The below code gives compilation error saying 'unexpected go':
x := go doSomething(arg)
func doSomething(arg int) int{
...
return my_int_value
}
I know, I can fetch the return value if I call the function normally i.e. without using goroutine or I can use channels etc.
My question is why is it not possible to fetch a return value like this from a goroutine.
Why is it not possible to fetch a return value from a goroutine assigning it to a variable?
Run goroutine (asynchronously) and fetch return value from function are essentially contradictory actions. When you say go you mean "do it asynchronously" or even simpler: "Go on! Don't wait for the function execution be finished". But when you assign function return value to a variable you are expecting to have this value within the variable. So when you do that x := go doSomething(arg) you are saying: "Go on, don't wait for the function! Wait-wait-wait! I need a returned value be accessible in x var right in the next line below!"
Channels
The most natural way to fetch a value from a goroutine is channels. Channels are the pipes that connect concurrent goroutines. You can send values into channels from one goroutine and receive those values into another goroutine or in a synchronous function. You could easily obtain a value from a goroutine not breaking concurrency using select:
func main() {
c1 := make(chan string)
c2 := make(chan string)
go func() {
time.Sleep(time.Second * 1)
c1 <- "one"
}()
go func() {
time.Sleep(time.Second * 2)
c2 <- "two"
}()
for i := 0; i < 2; i++ {
// Await both of these values
// simultaneously, printing each one as it arrives.
select {
case msg1 := <-c1:
fmt.Println("received", msg1)
case msg2 := <-c2:
fmt.Println("received", msg2)
}
}
}
The example is taken from Go By Example
CSP & message-passing
Go is largerly based on CSP theory. The naive description from above could be precisely outlined in terms of CSP (although I believe it is out of scope of the question). I strongly recommend to familiarize yourself with CSP theory at least because it is RAD. These short quotations give a direction of thinking:
As its name suggests, CSP allows the description of systems in terms of component processes that operate independently, and interact with each other solely through message-passing communication.
In computer science, message passing sends a message to a process and relies on the process and the supporting infrastructure to select and invoke the actual code to run. Message passing differs from conventional programming where a process, subroutine, or function is directly invoked by name.
The strict answer is that you can do that. It's just probably not a good idea. Here's code that would do that:
var x int
go func() {
x = doSomething()
}()
This will spawn off a new goroutine which will calculate doSomething() and then assign the result to x. The problem is: how are you going to use x from the original goroutine? You probably want to make sure the spawned goroutine is done with it so that you don't have a race condition. But if you want to do that, you'll need a way to communicate with the goroutine, and if you've got a way to do that, why not just use it to send the value back?

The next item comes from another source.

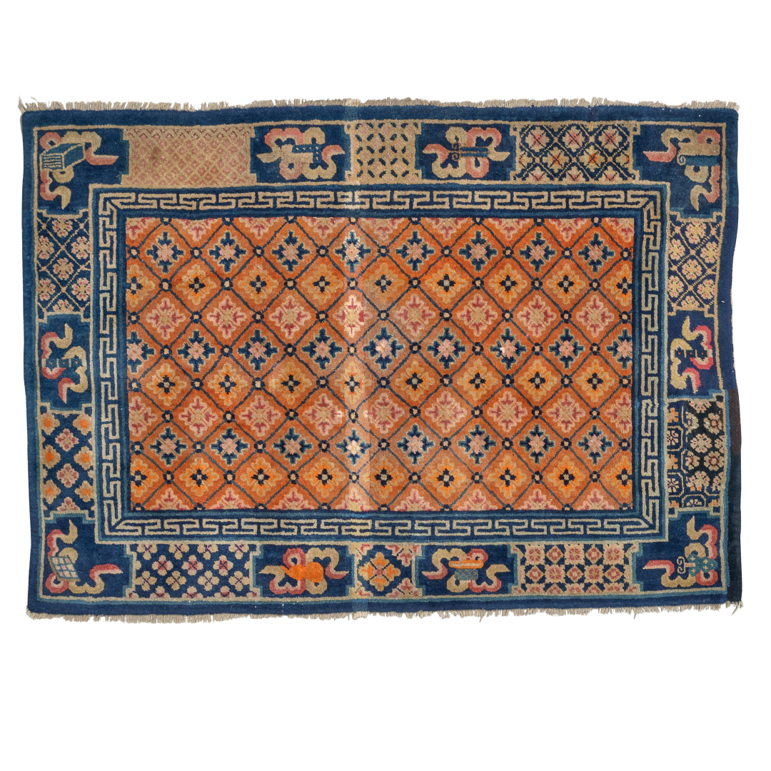 Decoro policromo di motivi geometrici e oggetti di buon auspicio.

The idea of the go keyword is that you run the doSomething function asynchronously, and continue the current goroutine without waiting for the result, kind of like executing a command in a Bash shell with an '&' after it. If you want to do
x := doSomething(arg)
// Now do something with x
then you need the current goroutine to block until doSomething finishes. So why not just call doSomething in the current goroutine? There are other options (like, doSomething could post a result to a channel, which the current goroutine receives values from) but simply calling doSomething and assigning the result to a variable is obviously simpler.
It's a design choice by Go creators. There's a whole lot of abstractions/APIs to represent the value of async I/O operations - promise, future, async/await, callback, observable, etc. These abstractions/APIs are inherently tied to the unit of scheduling - coroutines - and these abstractions/APIs dictate how coroutines (or more precisely the return value of async I/O represented by them) can be composed.
Go chose message passing (aka channels) as the abstraction/API to represent the return value of async I/O operations. And of course, goroutines and channels give you a composable tool to implement async I/O operations.
Why not use a channel to write into?
chanRes := make(chan int, 1)
go doSomething(arg, chanRes)
//blocks here or you can use some other sync mechanism (do something else) and wait
x := <- chanRes
func doSomething(arg int, out chan<- int){
...
out <- my_int_value
}